Suppose we need to investigate a mutation from a gene string start to a gene string end where one mutation is defined as one single character changed in the gene string.
- For example, "AACCGGTT" --> "AACCGGTA" is one mutation.
There is also a gene bank bank that records all the valid gene mutations. A gene must be in bank to make it a valid gene string.
Given the two gene strings start and end and the gene bank bank, return the minimum number of mutations needed to mutate from start to end. If there is no such a mutation, return -1.
Note that the starting point is assumed to be valid, so it might not be included in the bank.
A: BFS (Breadth-First Search)257Please respect copyright.PENANAFhGWnfSF4e
// better than use DFS as it just need to find out the shortest path.

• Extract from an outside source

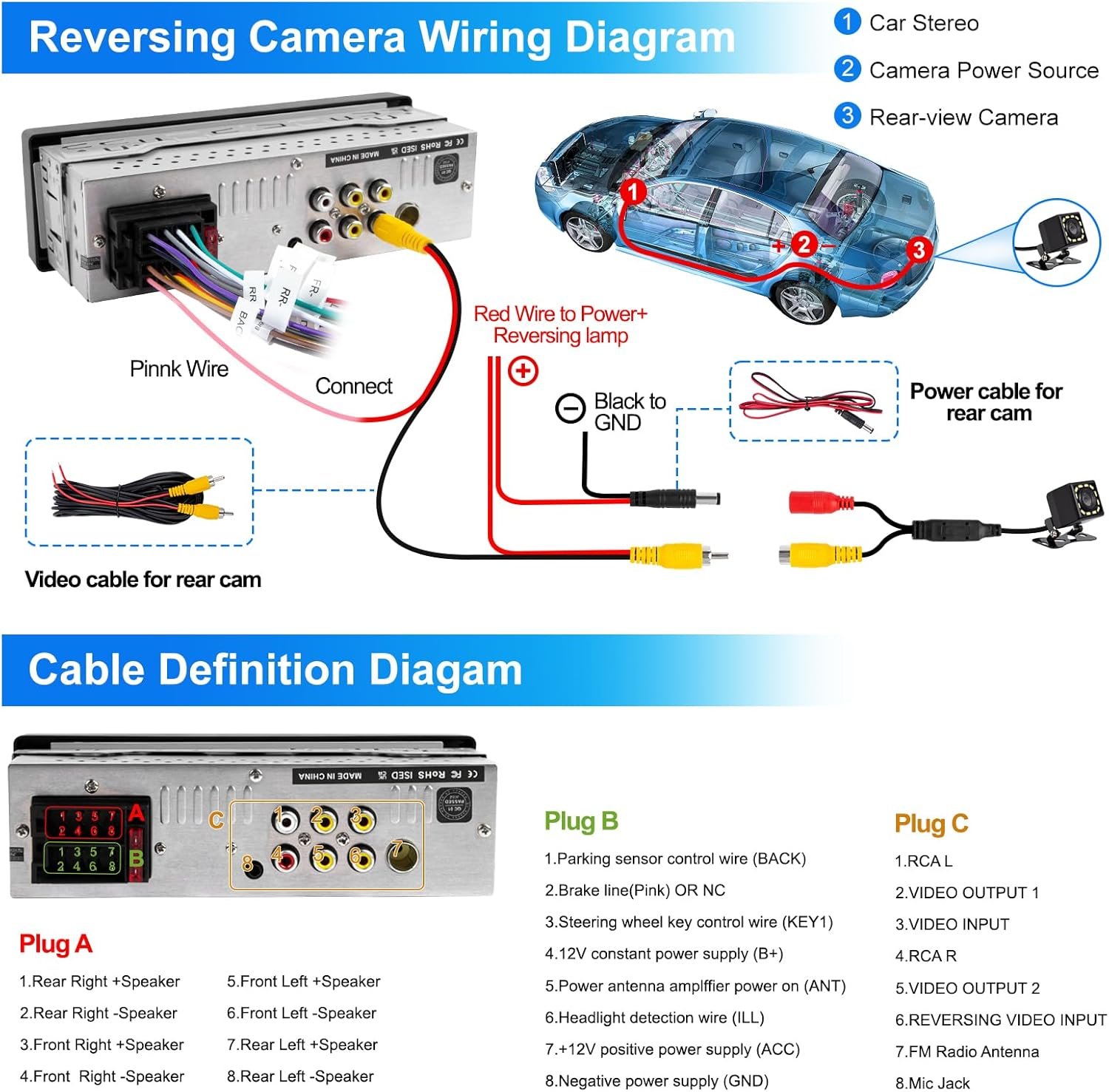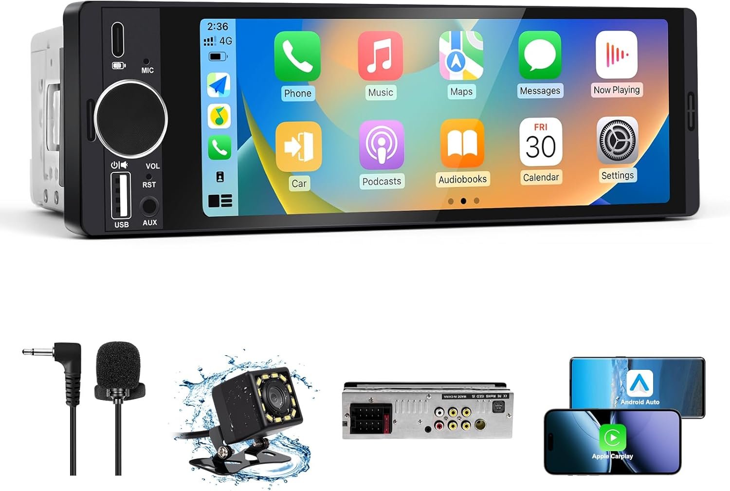 Single Din Car Stereo with Apple CarPlay & Android Auto, 6.36 Inch HD Touch CarPlay Screen, Backup Cam,Bluetooth, USB Type-C, SWC, EQ, FM Radio (with External Mic)

class Solution {257Please respect copyright.PENANAoewBBsflnR
public int minMutation(String start, String end, String[] bank) {257Please respect copyright.PENANACYpymie7lf
// Initialize a queue queue and a set seen. The queue will be used for BFS and the set will be used to prevent visiting a node more than once. Initially, the queue and set should hold start.257Please respect copyright.PENANAJbH4iEacm0
Queue<String> queue = new LinkedList<>();257Please respect copyright.PENANAqpHdTWOyAL
Set<String> seen = new HashSet<>();257Please respect copyright.PENANAvojkOmpsT4
queue.add(start);257Please respect copyright.PENANARMNRtJEs6g
seen.add(start);257Please respect copyright.PENANAwQgI8vbIyE
257Please respect copyright.PENANAnywRRAbLZr
int steps = 0;257Please respect copyright.PENANAILQ9fV7ir6
257Please respect copyright.PENANAUXO2xAB6DJ
while (!queue.isEmpty()) {257Please respect copyright.PENANAI7L5l5taxl
int nodesInQueue = queue.size();257Please respect copyright.PENANAvil6yMwSLC
for (int j = 0; j < nodesInQueue; j++) {257Please respect copyright.PENANA8io5kIIXRZ
String node = queue.remove();257Please respect copyright.PENANAQlEfM0ePnV
// Perform a BFS. At each node, if node == end, return the number of steps so far. Otherwise, iterate over all the neighbors. For each neighbor, if neighbor is not in seen and neighbor is in bank, add it to queue and seen.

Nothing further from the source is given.